[YOU] on AI describes the orange pill moment as a recognition of capability that exceeds expectation—the encounter with a system more powerful than the discourse had prepared the practitioner to expect. The jagged frontier explains why the orange pill moment is so often followed by a chastening encounter with confident failure: the same system that produced the extraordinary capability sits adjacent to a zone of confident wrongness, and the adjacency is invisible until you walk into it. The cycle's prescription of ascending friction—using the tool to reach harder problems while maintaining the judgment to supervise the output—is a prescription for navigating the frontier deliberately: staying inside the wall on high-stakes tasks where confident failure would be catastrophic, pushing toward the edge on lower-stakes explorations where surprising capability is the discovery sought.
The frontier also explains the structure of the Boston Consulting Group study that grounds Mollick's empirical claims. Inside the frontier, augmented consultants dramatically outperformed unaugmented ones. Outside the frontier—on a task designed to fall beyond reliable AI capability—augmented consultants performed worse than unaugmented ones, led astray by fluent plausible wrongness. Both results were necessary for an honest account. The frontier is not a limitation to be apologized for; it is the defining structural feature of the technology, and understanding it is the precondition for using it well.
The jagged frontier metaphor was developed by Mollick through his sustained personal experimentation with AI systems beginning in 2022, formalized through the Boston Consulting Group field experiment he co-authored in 2023, and named and articulated in Co-Intelligence (2024). The empirical grounding distinguishes it from purely impressionistic accounts of AI's uneven capability: the BCG study provided controlled conditions in which the inside-the-frontier and outside-the-frontier performance could be measured separately, confirming the jaggedness in professional-grade tasks with a large sample.
The concept builds on the broader observation, made by practitioners across many domains, that AI capability is uncorrelated with human intuitions about difficulty. Tasks that appear to require sophisticated reasoning sometimes fall inside the frontier; tasks that appear routine sometimes fall outside it. The reason is structural: the frontier reflects the distribution of the training data and the optimization objective, neither of which tracks human intuitions about difficulty. A model trained on a corpus that contains many examples of strategic business analysis and few examples of arithmetic verification will be more reliable on the former than the latter, regardless of which a human would consider harder.

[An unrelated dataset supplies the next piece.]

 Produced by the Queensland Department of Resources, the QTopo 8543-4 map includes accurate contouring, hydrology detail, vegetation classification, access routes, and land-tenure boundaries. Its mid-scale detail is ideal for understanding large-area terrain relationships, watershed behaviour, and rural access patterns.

The invisibility of the boundary. The frontier cannot be seen from the outside. A practitioner cannot know in advance which of two apparently similar tasks falls inside the wall and which falls in the treacherous zone just outside it where failures wear the costume of success. This invisibility is the reason Mollick insists on experimentation as a personal discipline: the knowledge of where the frontier lies in a specific domain is tacit, local, and idiosyncratic, and it cannot be acquired by reading or by watching others. It must be earned through contact.
The peculiar danger of fluent failure. AI failure outside the frontier is often more dangerous than the obvious mechanical failure of previous software systems. A spreadsheet that divides by zero produces a visible error; a language model that invents a plausible but false citation produces a fluent document that a non-expert cannot easily distinguish from a correct one. The confidence that makes the system's inside-the-frontier outputs so useful is precisely what makes its outside-the-frontier failures hard to detect. The human in the loop must maintain enough domain expertise to sense the small wrongness that the machine cannot sense because it has no purchase on truth, only on plausibility.

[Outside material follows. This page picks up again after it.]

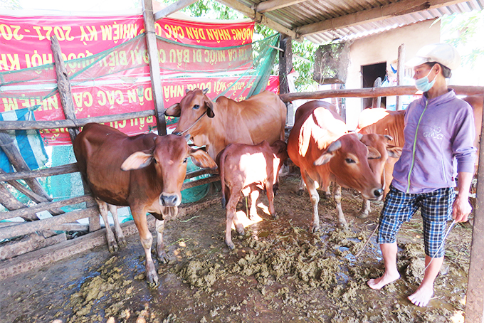Nhờ được điều trị kịp thời, con bê của gia đình bà Huệ đã dần khỏi bệnh. |

The frontier expands but does not smooth. As models improve, the wall expands, swallowing tasks that used to fall outside it. But the frontier does not become smooth as it expands. New capabilities bring new adjacencies with the zone of confident failure; the dangerous edge moves outward with the capability boundary. This means the skill of sensing where the edge lies never becomes obsolete—it simply needs to be continuously updated as the frontier moves. The fourth of Mollick's rules—assume this is the worst AI you will ever use—implies that the frontier tracking must be an ongoing practice, not a one-time map that can be memorized and retired.
Falling asleep at the wheel. The most precise failure mode the frontier generates is what Mollick calls falling asleep at the wheel: the human in the loop, lulled by the system's consistent competence inside the frontier, relaxes supervision at the moment the system crosses into the outside-the-frontier zone. The very competence that makes the AI valuable inside the frontier is what makes it dangerous near the edge: the fluency is constant, the confidence is constant, and only the truth-tracking drops, invisibly. The BCG study documented this inversion empirically: the same access to AI that dramatically improved performance on in-frontier tasks degraded performance on the deliberately out-of-frontier task.